=== Section Start ===
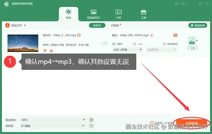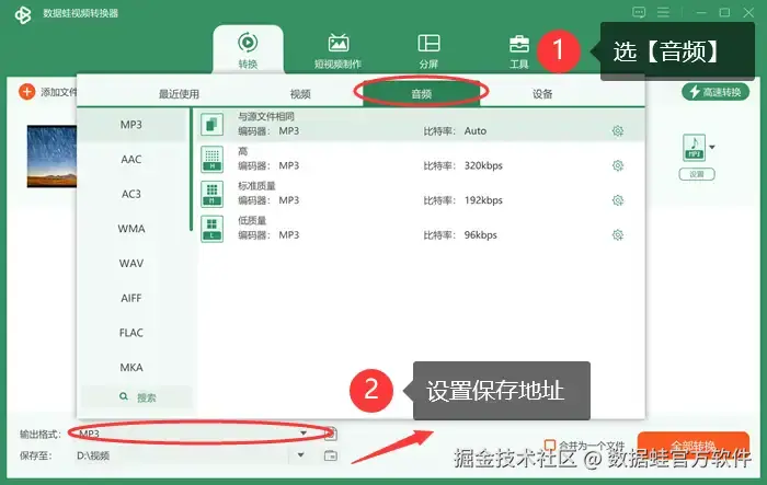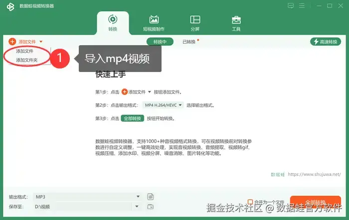如何mp4转换mp3格式?数据 蛙视频转换器是一款优秀的专业转换软件,它转换速度快,转换质量高,能保证音频的无损转换,除了转换外,它还拥有一系列高级音频编辑工具,包括比特率和采样率调整等,允许用户根据个人需求优化音频文件的音质和存储空间。
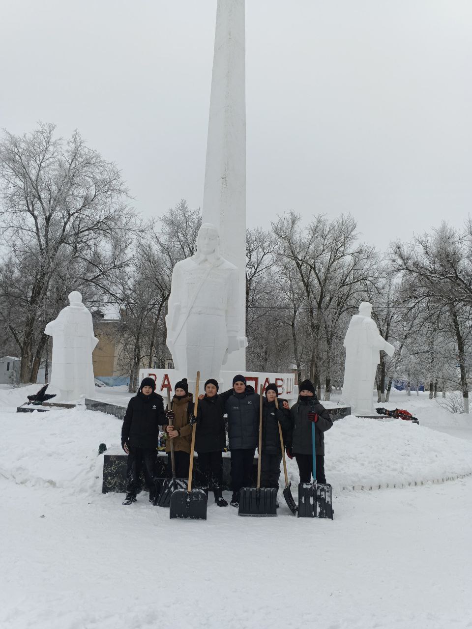 Вооружившись лопатами, юнармейцы оперативно убрали снег, обеспечив чистоту и порядок вокруг мемориала. Их труд демонстрирует искреннее отношение молодого поколения к истории родного края и глубокую признательность героям прошлого.
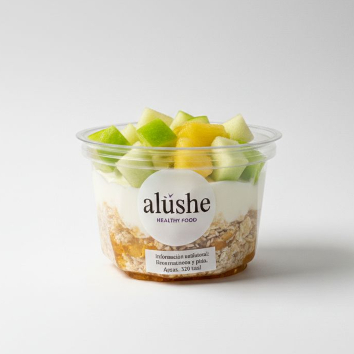 15G DE PROTEINA, Avena trasnochada 12 hrs, jarabe de maple sin azucar, coco rayado, manzana verde y piña(temporada)), yogurt griegoextracremoso y queso cottage lght
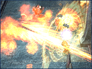 剣の先から炎を飛ばし、遠くの敵にもダメージを与えることが出来る。
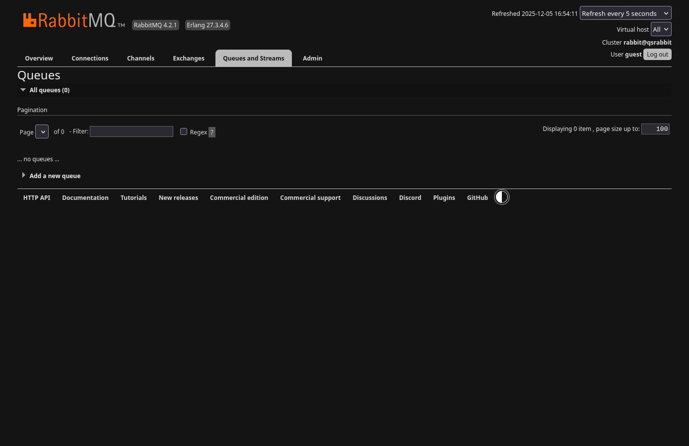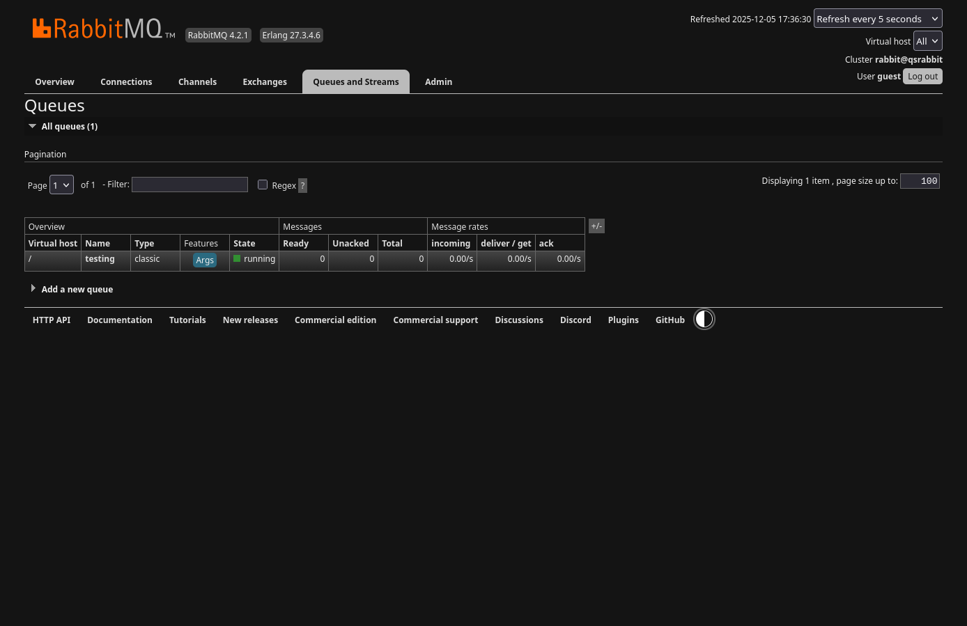 Back in the RabbitMQ interface on the Queues and Streams tab you’ll see this:
=== Section End ===
Problem to solve: Repeat the records above word for word, keeping no pictures in the copy.

Exercise solution:
如何mp4转换mp3格式?数据 蛙视频转换器是一款优秀的专业转换软件,它转换速度快,转换质量高,能保证音频的无损转换,除了转换外,它还拥有一系列高级音频编辑工具,包括比特率和采样率调整等,允许用户根据个人需求优化音频文件的音质和存储空间。
 Вооружившись лопатами, юнармейцы оперативно убрали снег, обеспечив чистоту и порядок вокруг мемориала. Их труд демонстрирует искреннее отношение молодого поколения к истории родного края и глубокую признательность героям прошлого.
 15G DE PROTEINA, Avena trasnochada 12 hrs, jarabe de maple sin azucar, coco rayado, manzana verde y piña(temporada)), yogurt griegoextracremoso y queso cottage lght
 剣の先から炎を飛ばし、遠くの敵にもダメージを与えることが出来る。
 Back in the RabbitMQ interface on the Queues and Streams tab you’ll see this:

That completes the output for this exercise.